# ABOUT THIS TASK:
What you return must match, exactly, the lines running from the one containing "- When installing" to the end of the data, both included, and must contain no pictures.

[INPUT DATA — start]

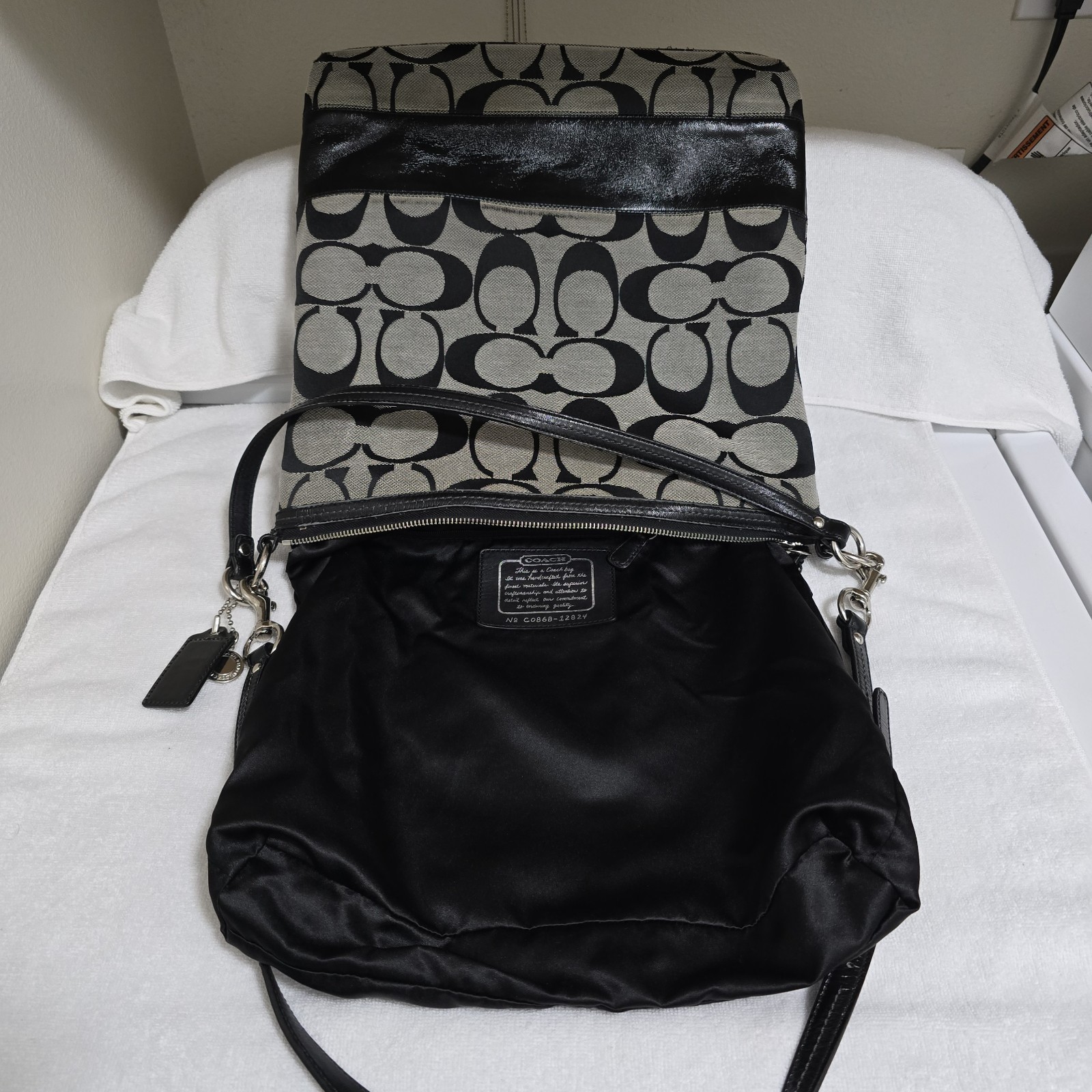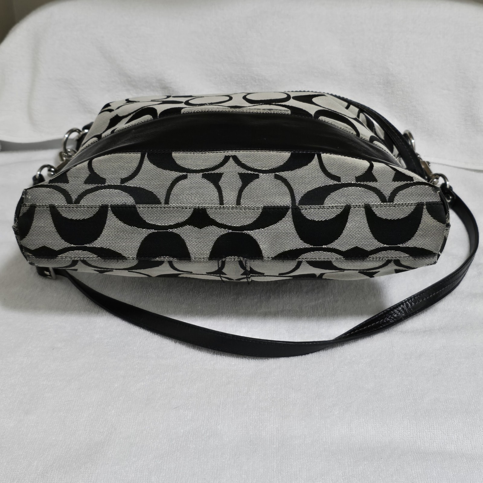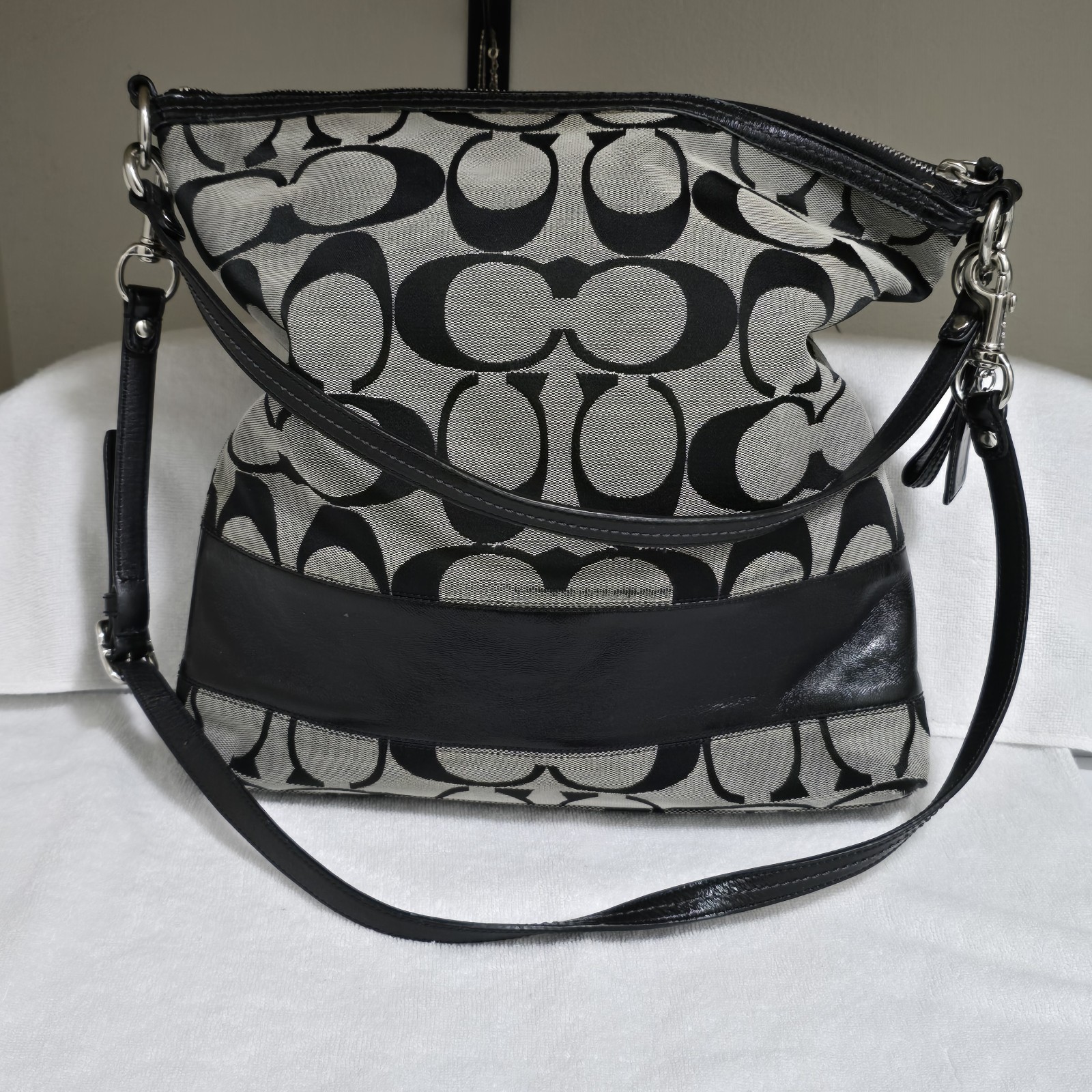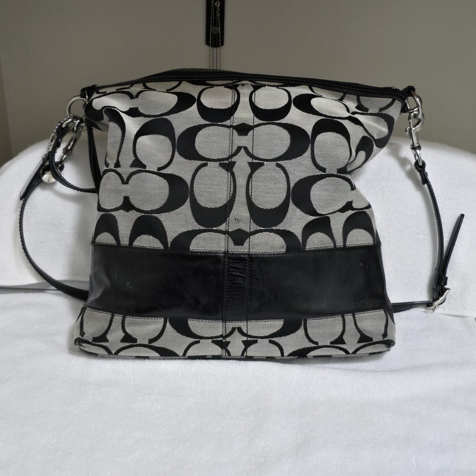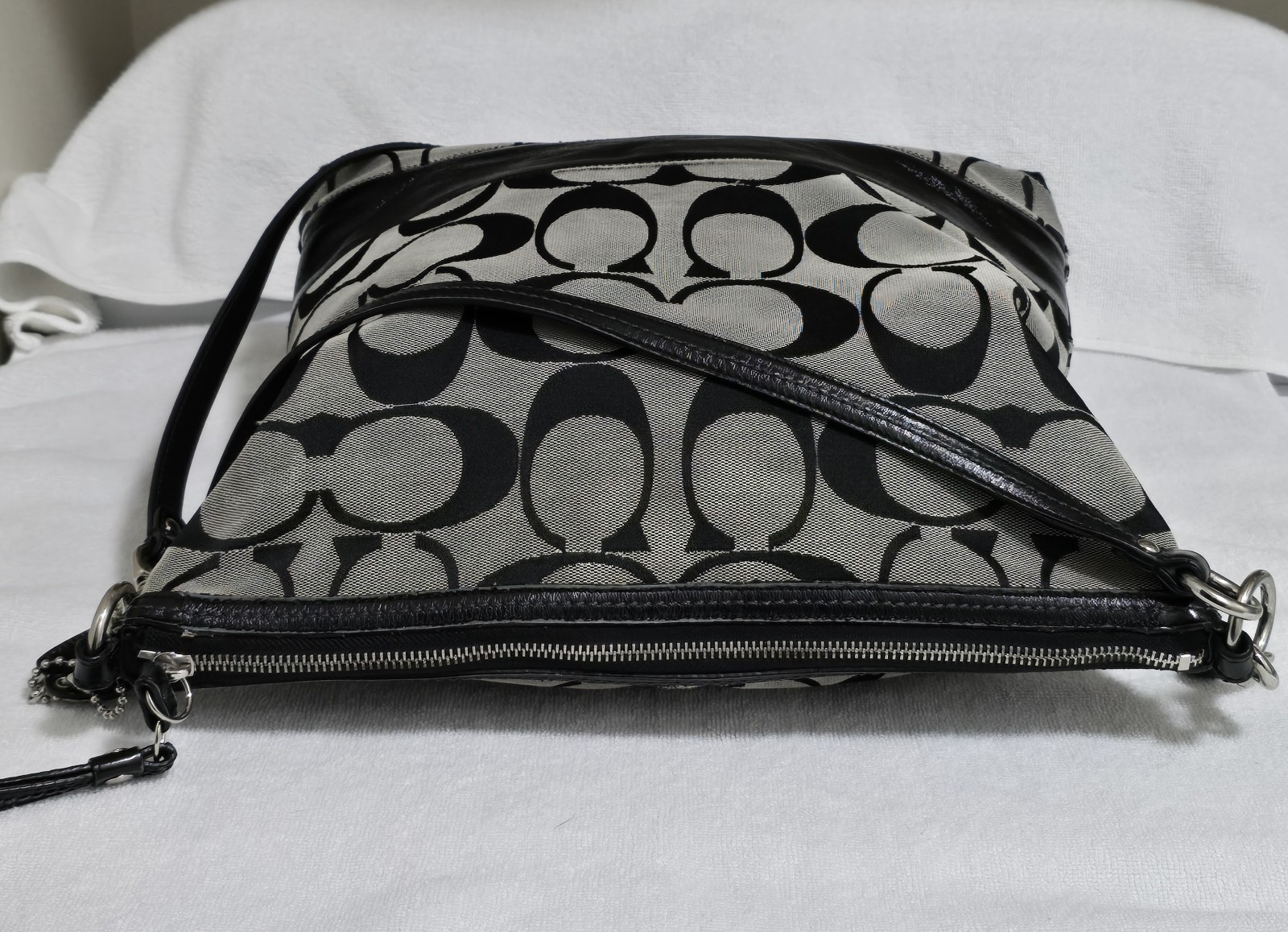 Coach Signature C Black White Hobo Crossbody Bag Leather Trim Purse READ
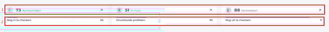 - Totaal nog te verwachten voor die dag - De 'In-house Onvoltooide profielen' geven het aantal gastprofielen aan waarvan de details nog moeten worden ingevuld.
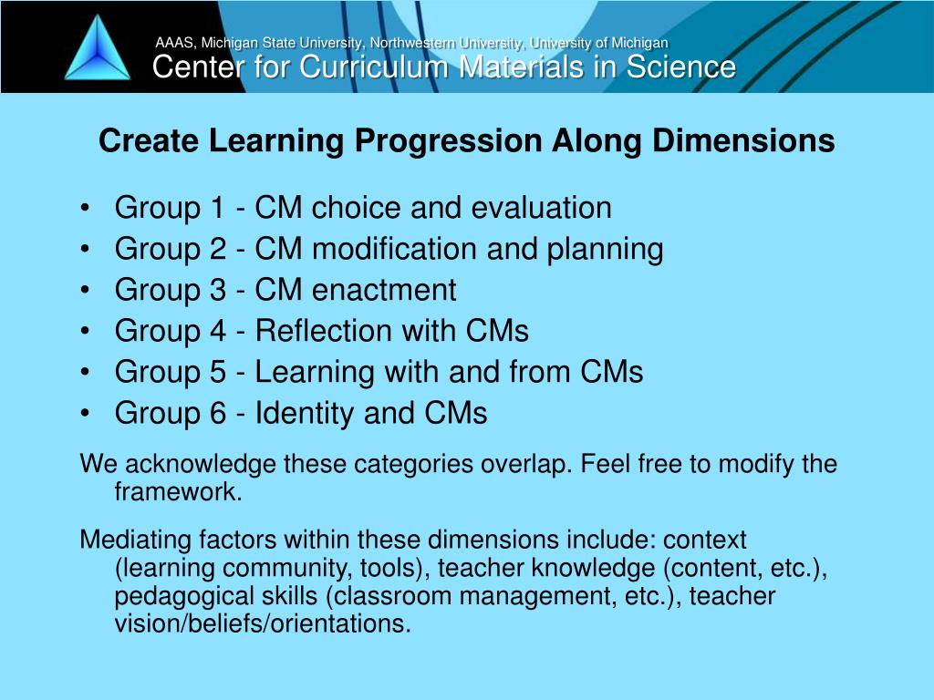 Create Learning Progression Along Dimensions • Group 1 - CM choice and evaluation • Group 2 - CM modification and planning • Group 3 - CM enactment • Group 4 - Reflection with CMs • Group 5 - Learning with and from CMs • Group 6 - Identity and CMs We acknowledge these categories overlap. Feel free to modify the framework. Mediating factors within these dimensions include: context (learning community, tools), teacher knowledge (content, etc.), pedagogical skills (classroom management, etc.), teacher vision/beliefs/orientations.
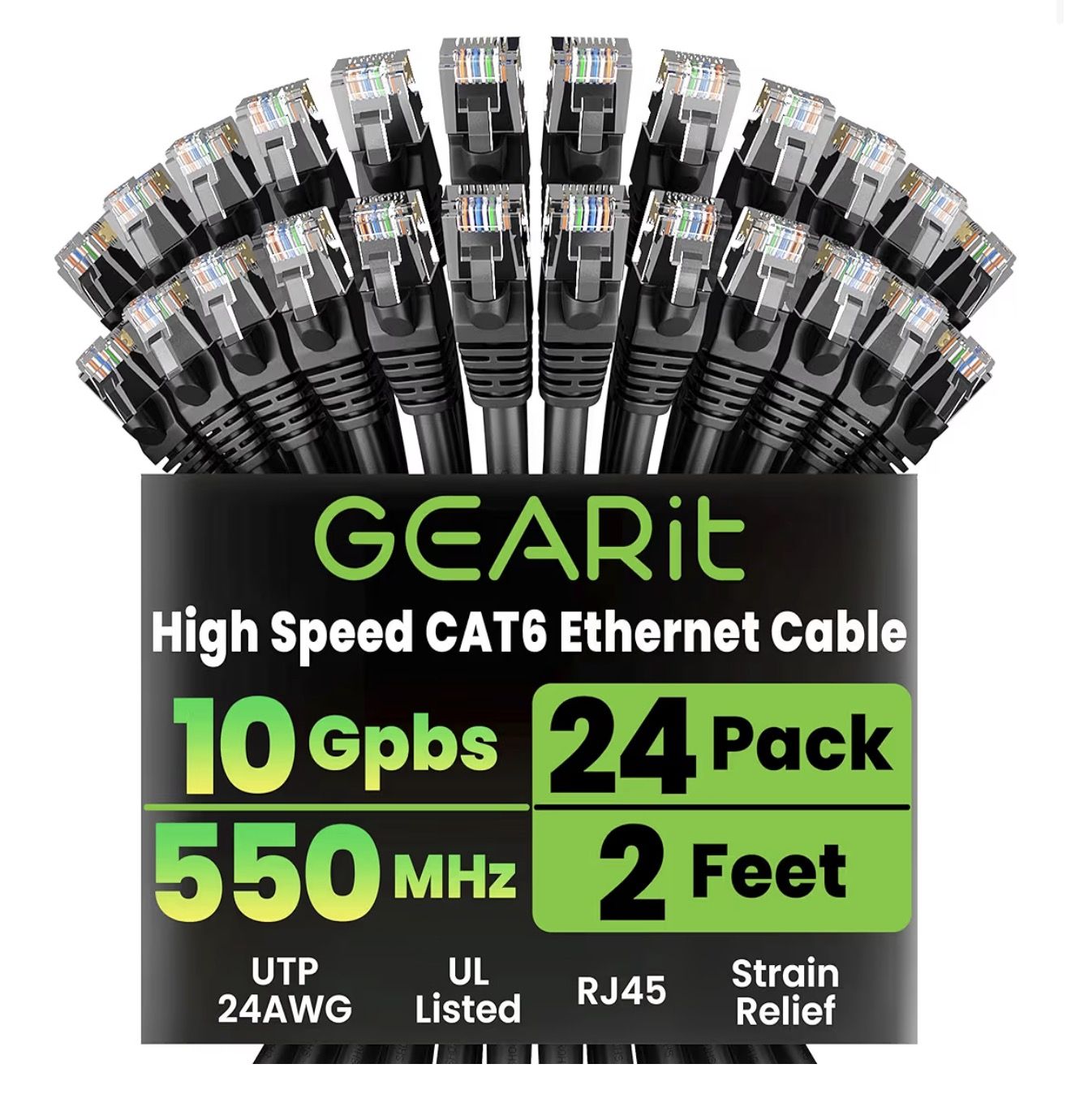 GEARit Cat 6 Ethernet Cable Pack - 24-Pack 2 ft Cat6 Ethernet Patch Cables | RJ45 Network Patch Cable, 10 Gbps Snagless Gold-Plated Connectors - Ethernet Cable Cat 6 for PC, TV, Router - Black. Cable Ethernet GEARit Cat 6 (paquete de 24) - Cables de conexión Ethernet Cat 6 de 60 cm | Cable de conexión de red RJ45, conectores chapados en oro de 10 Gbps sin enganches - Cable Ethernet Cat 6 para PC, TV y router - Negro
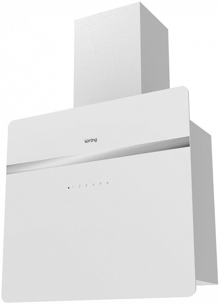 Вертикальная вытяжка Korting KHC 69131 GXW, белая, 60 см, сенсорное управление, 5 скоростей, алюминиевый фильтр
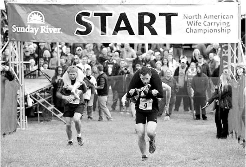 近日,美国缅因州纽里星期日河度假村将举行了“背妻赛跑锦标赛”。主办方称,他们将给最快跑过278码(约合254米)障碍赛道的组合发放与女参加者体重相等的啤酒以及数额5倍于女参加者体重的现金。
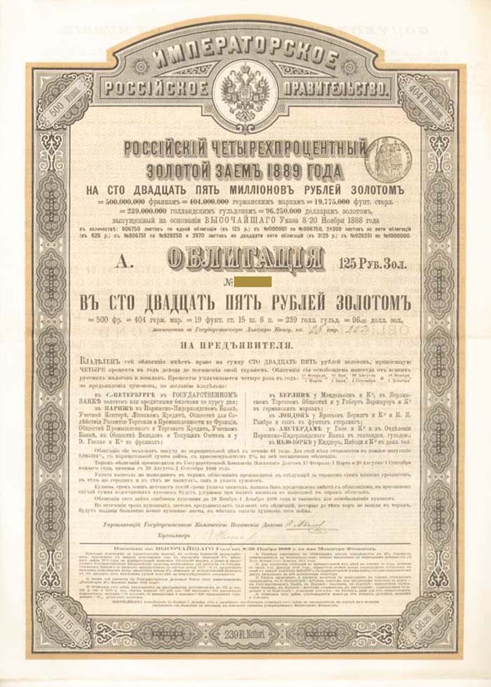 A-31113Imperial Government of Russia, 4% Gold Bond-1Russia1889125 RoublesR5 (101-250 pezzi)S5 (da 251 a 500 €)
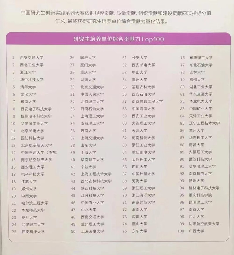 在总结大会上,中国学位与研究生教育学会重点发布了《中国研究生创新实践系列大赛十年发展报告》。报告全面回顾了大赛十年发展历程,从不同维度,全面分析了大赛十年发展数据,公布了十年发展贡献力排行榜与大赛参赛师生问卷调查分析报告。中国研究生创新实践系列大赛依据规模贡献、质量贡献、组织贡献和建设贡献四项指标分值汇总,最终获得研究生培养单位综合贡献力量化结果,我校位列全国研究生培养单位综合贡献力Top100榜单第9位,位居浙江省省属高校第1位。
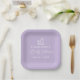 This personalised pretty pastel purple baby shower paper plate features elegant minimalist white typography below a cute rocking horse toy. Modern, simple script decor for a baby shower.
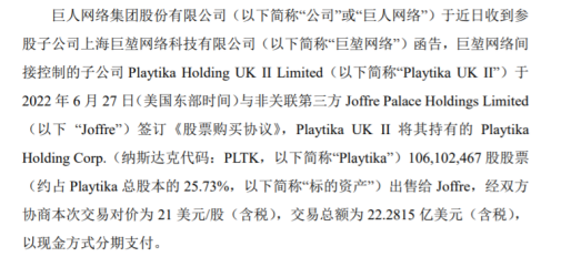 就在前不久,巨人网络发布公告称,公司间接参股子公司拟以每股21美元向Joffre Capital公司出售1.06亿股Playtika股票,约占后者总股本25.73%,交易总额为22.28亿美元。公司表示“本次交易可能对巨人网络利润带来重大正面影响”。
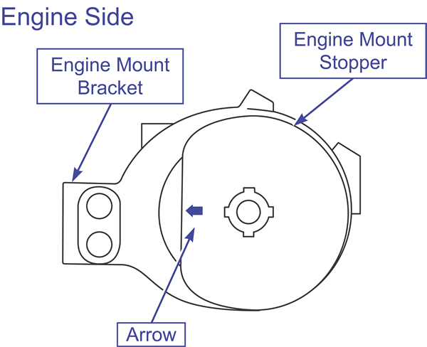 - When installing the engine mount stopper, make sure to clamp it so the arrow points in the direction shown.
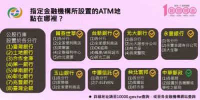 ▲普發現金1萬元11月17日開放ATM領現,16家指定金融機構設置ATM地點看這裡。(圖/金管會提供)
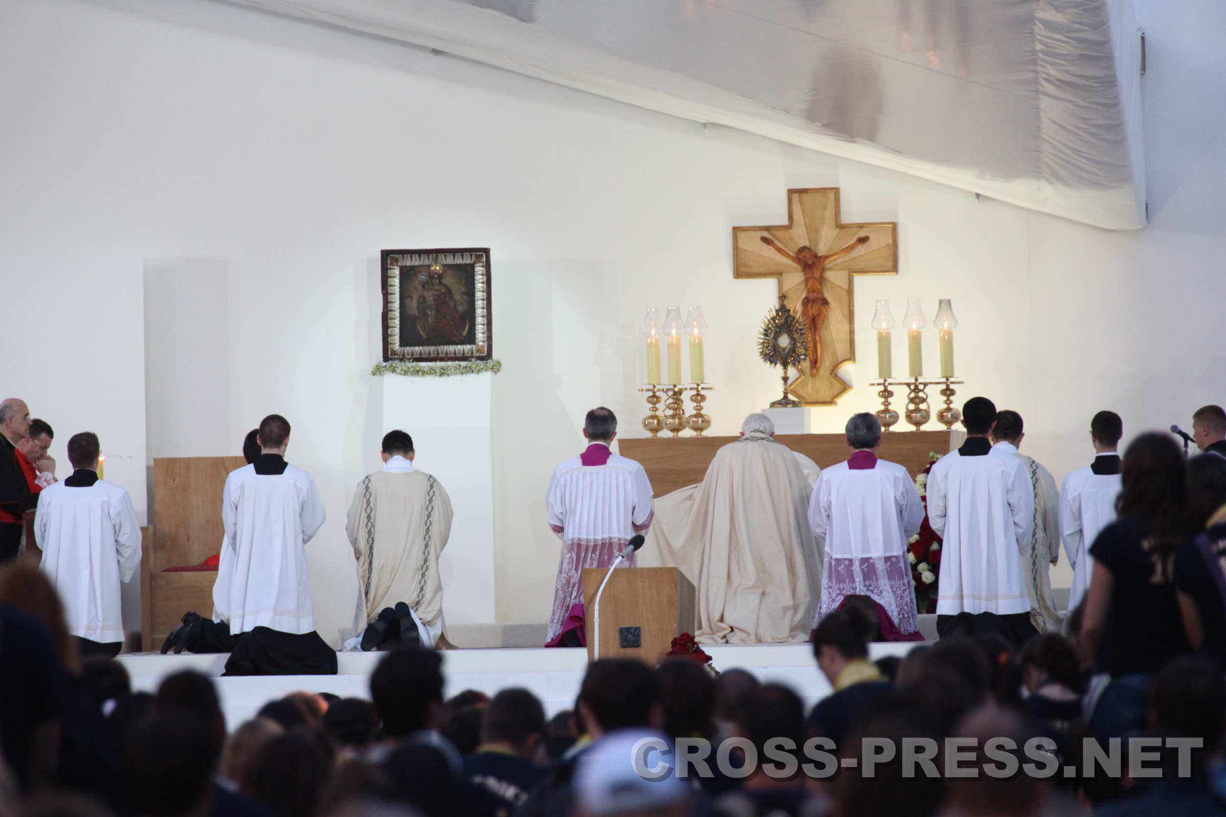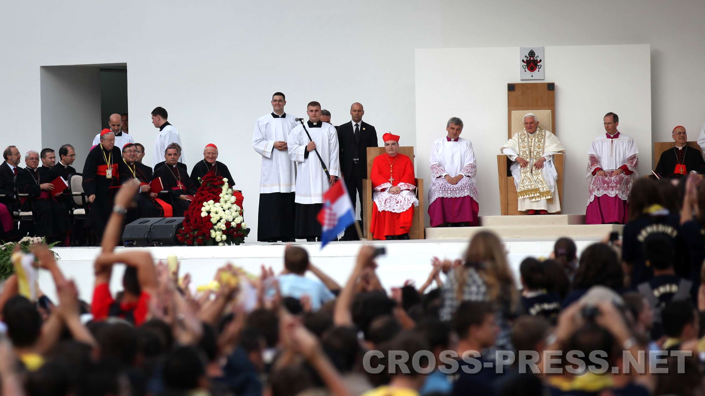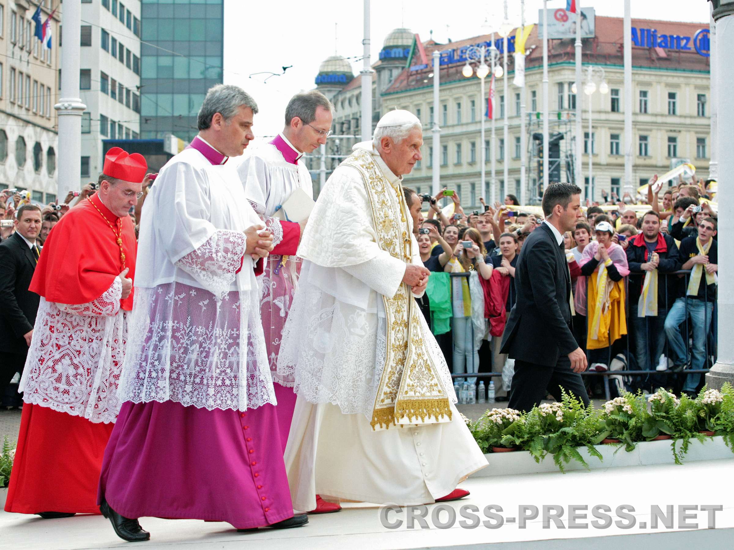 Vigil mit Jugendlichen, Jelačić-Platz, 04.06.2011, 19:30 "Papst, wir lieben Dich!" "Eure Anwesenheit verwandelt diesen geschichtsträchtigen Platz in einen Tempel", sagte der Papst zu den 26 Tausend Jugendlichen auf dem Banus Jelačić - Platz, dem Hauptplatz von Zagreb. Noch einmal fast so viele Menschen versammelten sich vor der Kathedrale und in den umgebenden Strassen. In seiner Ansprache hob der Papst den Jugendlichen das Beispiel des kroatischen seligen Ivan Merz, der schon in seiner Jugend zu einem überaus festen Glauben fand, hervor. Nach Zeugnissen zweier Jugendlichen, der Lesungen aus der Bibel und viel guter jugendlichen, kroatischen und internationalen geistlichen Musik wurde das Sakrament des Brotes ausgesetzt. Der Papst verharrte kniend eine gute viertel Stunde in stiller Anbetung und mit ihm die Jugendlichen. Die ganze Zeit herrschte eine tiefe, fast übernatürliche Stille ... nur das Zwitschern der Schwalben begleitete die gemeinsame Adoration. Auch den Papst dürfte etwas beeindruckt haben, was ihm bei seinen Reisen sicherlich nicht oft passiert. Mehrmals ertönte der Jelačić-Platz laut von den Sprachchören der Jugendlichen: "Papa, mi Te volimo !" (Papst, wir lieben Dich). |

[INPUT DATA — finish]

# RESULT FOR THIS EXERCISE:
 - When installing the engine mount stopper, make sure to clamp it so the arrow points in the direction shown.
 ▲普發現金1萬元11月17日開放ATM領現,16家指定金融機構設置ATM地點看這裡。(圖/金管會提供)
 Vigil mit Jugendlichen, Jelačić-Platz, 04.06.2011, 19:30 "Papst, wir lieben Dich!" "Eure Anwesenheit verwandelt diesen geschichtsträchtigen Platz in einen Tempel", sagte der Papst zu den 26 Tausend Jugendlichen auf dem Banus Jelačić - Platz, dem Hauptplatz von Zagreb. Noch einmal fast so viele Menschen versammelten sich vor der Kathedrale und in den umgebenden Strassen. In seiner Ansprache hob der Papst den Jugendlichen das Beispiel des kroatischen seligen Ivan Merz, der schon in seiner Jugend zu einem überaus festen Glauben fand, hervor. Nach Zeugnissen zweier Jugendlichen, der Lesungen aus der Bibel und viel guter jugendlichen, kroatischen und internationalen geistlichen Musik wurde das Sakrament des Brotes ausgesetzt. Der Papst verharrte kniend eine gute viertel Stunde in stiller Anbetung und mit ihm die Jugendlichen. Die ganze Zeit herrschte eine tiefe, fast übernatürliche Stille ... nur das Zwitschern der Schwalben begleitete die gemeinsame Adoration. Auch den Papst dürfte etwas beeindruckt haben, was ihm bei seinen Reisen sicherlich nicht oft passiert. Mehrmals ertönte der Jelačić-Platz laut von den Sprachchören der Jugendlichen: "Papa, mi Te volimo !" (Papst, wir lieben Dich). |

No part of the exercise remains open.